Conrad Vernon: Yeah, we were kind of stuck between a rock and a hard place with it. All the live-action companies were saying “We don’t know anything about animation, we’re not sure we want to get into it, especially for something as risky as R-rated animation,” and all the animation companies were saying, “Don’t tarnish our sparkling brand name with your R-rated filth.” So we were kind of stuck between this place and it was someone like Megan Ellison and Annapurna that weren’t in either camp, and so she was the one who came in and rescued us from between the rocks.

Did that surprise you? Or did you know immediately it was going to be an uphill battle to get Sausage Party made?

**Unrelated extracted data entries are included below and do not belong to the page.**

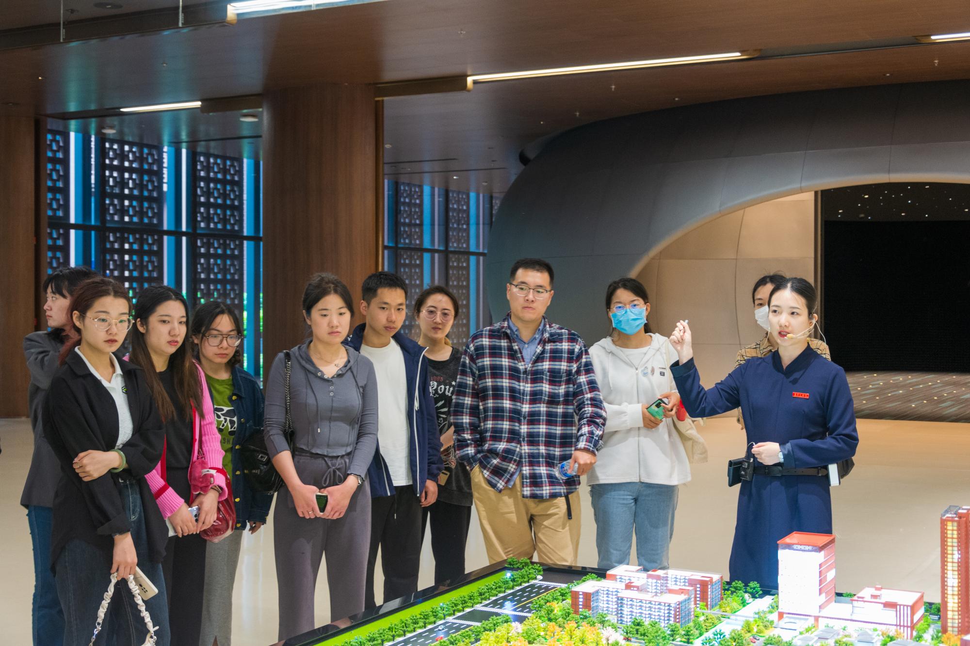 第一站走访方太集团,宁大师生在讲解员的带领下参观企业展厅,首先通过沙盘模型了解企业的建筑布局,其次观看了超大型曲面LED屏播放的企业宣传短片,师生初步了解方太的老王论坛和产品初心,讲解员也随之耐心介绍了方太的发展历程、党建引领工作、专利研发、产品创新事记等一系列内容。之后师生对展览的方太厨卫产品产生浓厚兴趣,纷纷围绕在产品周围进一步了解性能。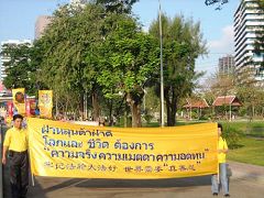 ![]() 法轮功学员的游行队伍色彩亮丽,美好祥和 |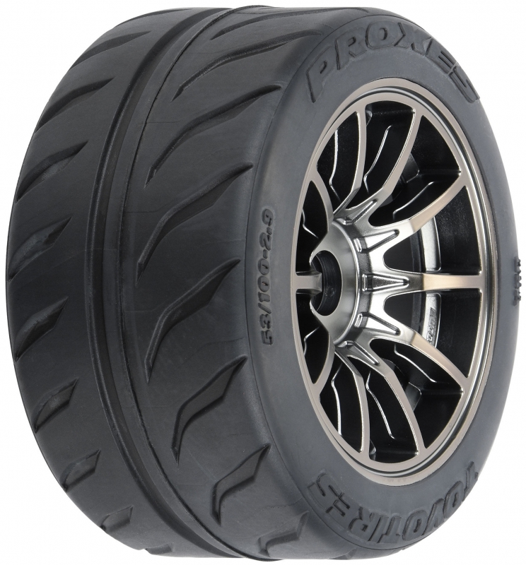Inspired by 1:1 GT3 racing wheels, the Spectre 10-spoke wheel gives your Infraction™ a striking look with a satin gunmetal finish and amazing scale detailing. The Proxes/Spectre combo comes pre-mounted so you don't have to worry about gluing your tires or waiting for them to dry. Get maximum grip and stability so you can be faster than your buddies with Pro-Line's Toyo Proxes R888R BELTED street tires!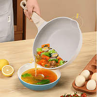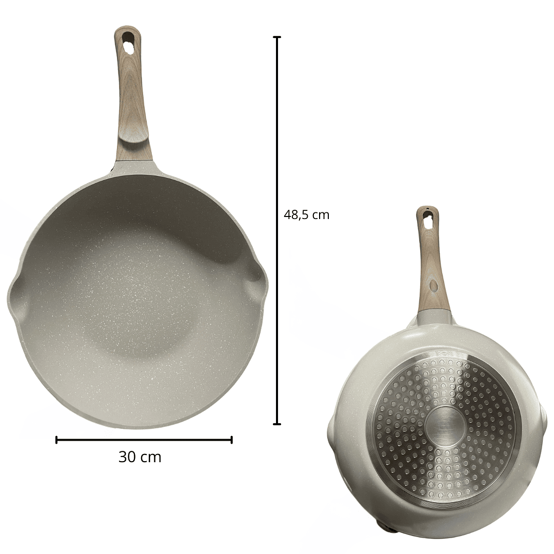 É feito de ferro forjado e revestido com pedra médica natural. As panelas antiaderentes atualmente no mercado são revestidas. A principal razão é se o material é seguro. O revestimento antiaderente é uma pedra médica natural e é feito de antiaderente de alta qualidade e seguro A camada, não contém FPA, é não-tóxico e inofensivo para o corpo humano, e pode ser usado com confiança, e a panela antiaderente não tem fumaça de óleo, condução de calor, fácil de limpar, eficiente em termos de combustível, e luz. Esta é a característica da nossa cozinha.

Conrad Vernon: Well, we didn’t know it would be this much of an uphill battle. As Seth [Rogen] tells it, and it’s true, we had Seth and Evan [Goldberg] writing it with two of their really good friends, Kyle Hunter and Ariel Shaffir. We had Jonah [Hill] and Seth promising to be in it. You had Greg and I directing it, a studio producing it for a price, and with all this as a package – and artwork to boot – we thought, “Oh, these people are going to be eating us up! It won’t be long before we find someone.” And it was just like, “Wow, we haven’t found anyone. It’s been two-and-a-half years.” [Laughs.] So it was like a little surprising. It came completely out of the blue when we met with Megan.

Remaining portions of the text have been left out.